Recently our former Federal Reserve Chair, Ben Bernanke, reported on his blog that he believes the Fed actions through quantitative easing (QE) brought the stock market back to trend and normal price levels:
“Arguably, the Fed’s actions have not led to permanent increases in stock prices, but instead have returned them to trend.” His time frame for his trend analysis starts at the fourth quarter of 2001 through the peak of 2007.
He goes on to further defend the Fed’s actions by stating:
“There are of course many ways to calculate the “normal” level of stock prices, but most would lead to a similar conclusion.”
As I have written in a previous blog (click here to read), Bernanke stated many times that one of the goals of QE was to raise stock prices. I would argue that manipulating stock prices is outside of the Fed’s dual mandate, but I’m sure Bernanke would counter that it was within the maximum employment mandate. Regardless, stock prices rose during all QE programs and the former Fed Chair is now implying that the Fed’s actions simply brought the market back to norm. However, he is carefully selecting his data to prove his point.
Let’s first consider the trend he delineates: the fourth quarter of 2001 through the fourth quarter of 2007. I have drawn a white line on the chart of S&P 500 Index below highlighting this trend.
As you can see, he is correct. This trend has been continued; however, the choice of the timeframe is curious, to say the least: from the bottom of the tech bubble burst to the top of the financial crisis – basically the bottom of one bubble to the top of the next, both bubbles aided by Fed policies. If instead we drew a trend line from the early 1980s, when the long bull market began, the slope would be much lower and our current market would be well above trend. Which trend you wish to support determines the starting point, and only time will tell if either is accurate.

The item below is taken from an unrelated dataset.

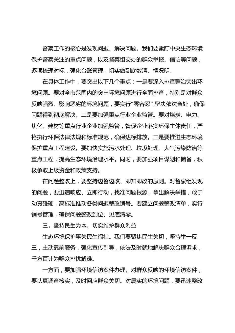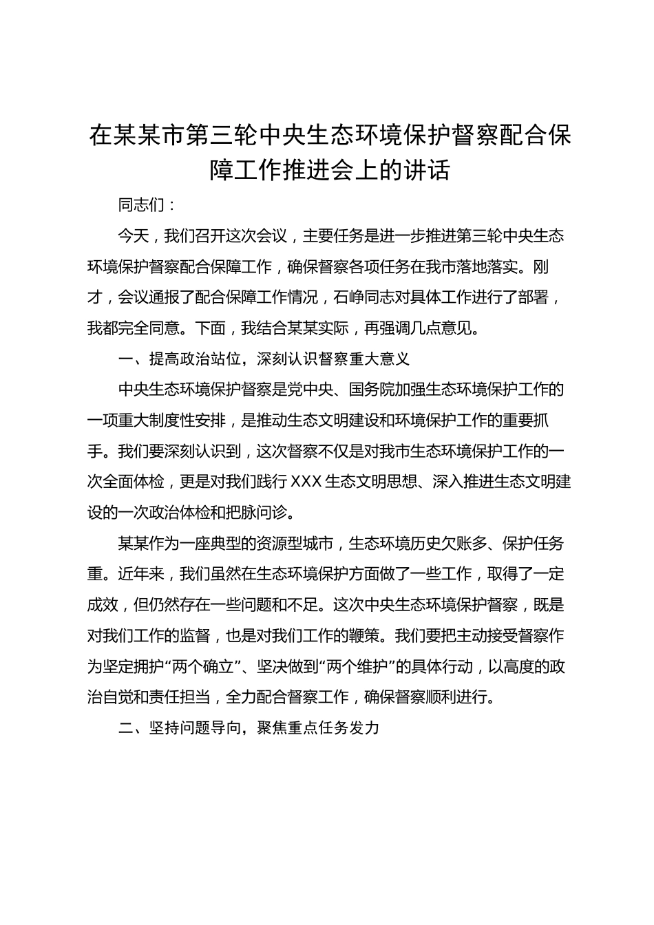 在某某市第三輪中央生態(tài)環(huán)境保護(hù)督察配合保障工作推進(jìn)會上的講話同志們:今天,我們召開這次會議,主要任務(wù)是進(jìn)一步推進(jìn)第三輪中央生態(tài)環(huán)境保護(hù)督察配合保障工作,確保督察各項(xiàng)任務(wù)在我市落地落實(shí)。剛才,會議通報(bào)了配合保障工作情況,石崢同志對具體工作進(jìn)行了部署,我都完全同意。下面,我結(jié)合某某實(shí)際,再強(qiáng)調(diào)幾點(diǎn)意見。一、提高政治站位,深刻認(rèn)識督察重大意義中央生態(tài)環(huán)境保護(hù)督察是黨中央、國務(wù)院加強(qiáng)生態(tài)環(huán)境保護(hù)工作的一項(xiàng)重大制度性安排,是推動生態(tài)文明建設(shè)和環(huán)境保護(hù)工作的重要抓手。我們要深刻認(rèn)識到,這次督察不僅是對我市生態(tài)環(huán)境保護(hù)工作的一次全面體檢,...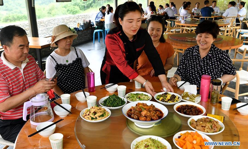 Tourists have lunch at a farm stay in Baiyun Village, Taibai County of northwest China's Shaanxi Province, July 5, 2020. Baiyun Village, located in the deep of the Qinling Mountains, had long been a underdeveloped area with people living in poverty. In recent years, by promoting rural tourism and agricultural products, the village has lifted all of its people out of poverty. (Xinhua/Liu Xiao)

Now, let’s consider the statement that most would conclude that current stock prices are at “normal” levels. I also discussed the current level of stock prices in a previous blog (click here to read), and as I stated then, there are arguments for and against the current level, but to make the statement that most would lead to a similar conclusion is misleading and far from accurate.

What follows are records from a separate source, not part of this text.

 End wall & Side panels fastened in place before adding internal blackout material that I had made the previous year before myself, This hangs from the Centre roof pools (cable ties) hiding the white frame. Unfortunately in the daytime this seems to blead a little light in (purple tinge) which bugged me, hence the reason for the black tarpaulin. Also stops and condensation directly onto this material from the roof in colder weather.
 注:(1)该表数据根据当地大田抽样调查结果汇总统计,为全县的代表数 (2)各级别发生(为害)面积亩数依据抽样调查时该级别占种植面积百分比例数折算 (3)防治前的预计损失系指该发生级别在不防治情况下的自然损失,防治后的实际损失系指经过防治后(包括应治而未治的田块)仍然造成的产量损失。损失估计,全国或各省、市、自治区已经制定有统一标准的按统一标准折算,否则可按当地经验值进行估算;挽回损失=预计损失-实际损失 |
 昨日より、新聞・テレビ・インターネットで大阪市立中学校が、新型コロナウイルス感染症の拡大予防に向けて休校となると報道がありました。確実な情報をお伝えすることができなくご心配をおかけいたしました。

I agree with Bernanke and believe the Fed needed to step in to prevent further problems after the financial crisis ensued, but I would argue that many of the Fed policies of the previous 10+ years contributed to that crisis. Needless to say, if you are a stock investor, you got bailed out and you have been well rewarded since the collapse. Unfortunately, if you are a bond investor, you have not fared as well and have seen your income dwindle to practically nil. Bernanke carefully selects his data to prove that the Fed’s intervention was benign. At present, we cannot draw that conclusion. Only time will tell if the Fed’s experiment of massive intervention was benign or if it had negative long-term consequences.